# Look Keo Pedal Float



## wmiller (Dec 6, 2008)

I just bought a '08 Madone 4.5 and instead of putting my old origional look pedals from the mid 1980's I bought some Keo Sprints. After putting them on I found the float to feel very weird because my other ones lock the shoe in place. My MTB has Time a.t.a.c. with some float which I like for technical trails. 
So is the float better, less stress on the knee or is it truely personal preference? I have not riden with them yet just put the cleats on the shoes to get them adjusted fore/aft. I did feel I had to rotate quite abit more to release but again it is just getting used to.

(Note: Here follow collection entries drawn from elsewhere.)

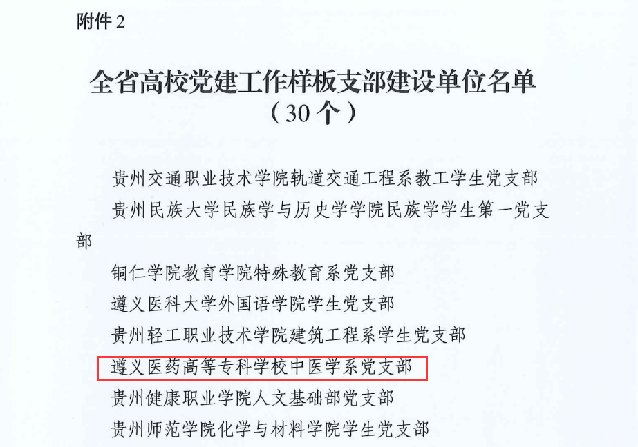 近日,省委教育工委下发了《关于公布“全省高校党建示范点”创建工程和“全省高校党建‘双带头人’”培育工程建设单位名单的通知》,公布了全省高校党建工作标杆院系、全省高校党建工作样板支部建设单位和全省高校“双带头人”教师党支部书记工作室建设单位,我校中医学系党支部荣获全省高校党建工作样板支部建设单位。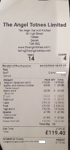 Ā Ā Ā Read moreAfter finishing work later than planned, me and my mate walked down Fore Street in Totnes looking for somewhere to eat. We walked in a few places only to be told that the kitchens were closed!! We had left it late and were just about to give up when we came across The Angel!! Even though the kitchen had just closed the staff (who were lovely) decided they could help us out. The chef popped out with a menu and went through a few dishes that heād be able rustle up quickly so we could eat. We decided on some Hummus, flat bread, steak and crispy fried potatoes with aioli. WOW!!! The food was fantastic, the hummus was the best Iāve ever tasted, served with roasted carrots and garlic on top it was delicious, so was the flat bread topped with roasted nuts, steak and potatoes. The staff seemed genuinely pleased that we happy with our experience, a true sign of a great place. Thank you I...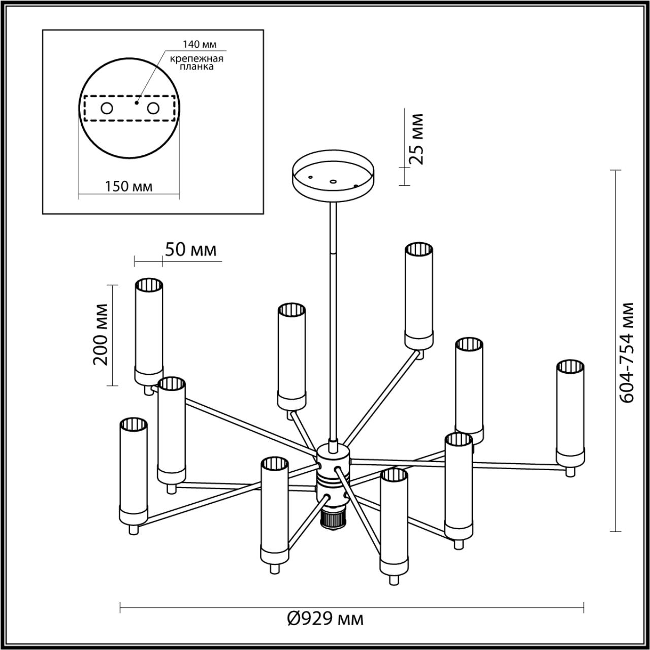 Размеры светильника: ширина мм, высота 604-754 мм. - такие габариты позволяют люстре идеально смотреться как в просторных, так и в небольших помещениях.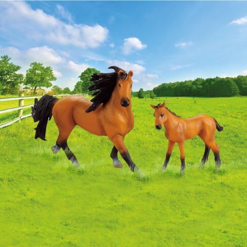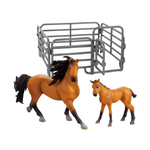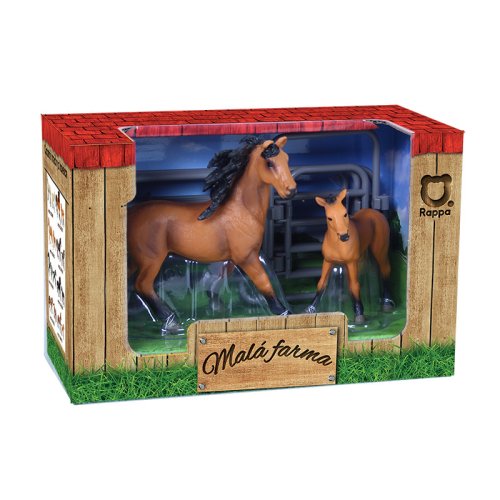 Figúrka koňa a žriebäťa v hnedej farbe s tmavou hrivou. Súčasťou balenia aj ohrada. Ideálne pre milovníkov koní. Táto hračka je súčasťou kolekcie Moja malá farma.
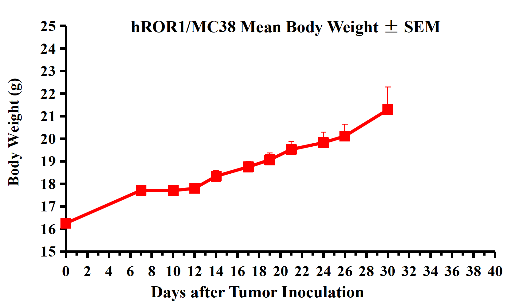 Figure 2. hROR1/MC38 Mean Body Weight ± SEM.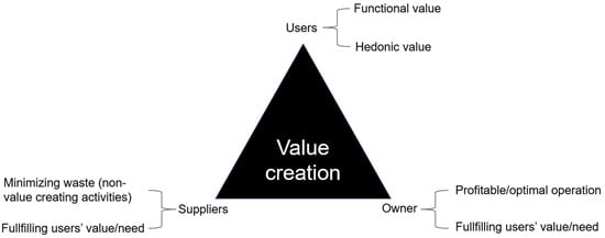 Value creation in a building project depends on three main roles of whom their needs should be assessed: the owner, the suppliers and the users. Haddadi et al. [19] discuss that to create value, the owner’s prerequisite can be summarized in profitable/optimal operation of the building and fulfilling the customer’s needs. Based on the literature on manufacturing processes, the suppliers are required to minimize waste and non-value creating activities, and to fulfil the customer’s (owners and users’) needs to create value in the product they have manufactured. The ultimate objective of the project should then be to fulfil the user’s needs to increase the “customer’s perceived value”. The relationships between the project’s main roles and their requirements that can contribute to value creation are summarized in Figure 1.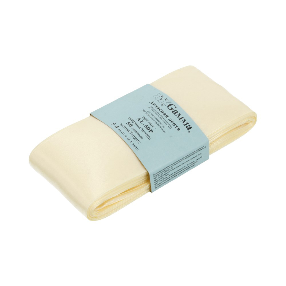 Лента атласная 1-сторонняя 50.0 мм / 5 шт по 5.4 метра, №008 кремовый, Gamma AL-50P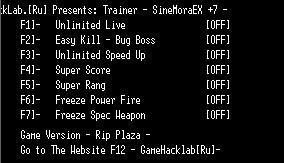 6. Sine Mora EX Просмотреть файл Использование... Запускаем игру, запускаем трейнер от имени администратора - это тот, что cpl ! Функции: Бессмертие. Убийство с одного выстрела - в битве с боссами глючит. Бесконечное замедление времени. Супер очки. Супер ранг. Заморозка мощности оружия. Заморозка спец оружия. PS: В видосе на очки не обращаем внимания - это я забыл их отключить, на множило через чур От них по моему толков не каких нет. Demo: Автор LIRW Добавлен 18.08.2017 Категория Трейнеры для PC игр

I'm going to get on my trainer with them today and see. Just wanted to ask the question.

Thanks.


----------



## Guest (Dec 7, 2008)

Personal preference, if you are comfortable with less float then stick with it, you can get the keo cleats in other colors that have different amounts of float. I have just been using the gray ones but I did like the fixed black in the older style of Look cleats. 

They did change the color/float combos I believe for the Keo and I haven't learned them yet.


----------



## wmiller (Dec 6, 2008)

Mine old ones are the black too. I just have to try it for awhile and see. I can get the black cleat if I want. The float sure made it easier to attach instead of fiddling around with the cleat position on the shoe and pedal.

Thanks


----------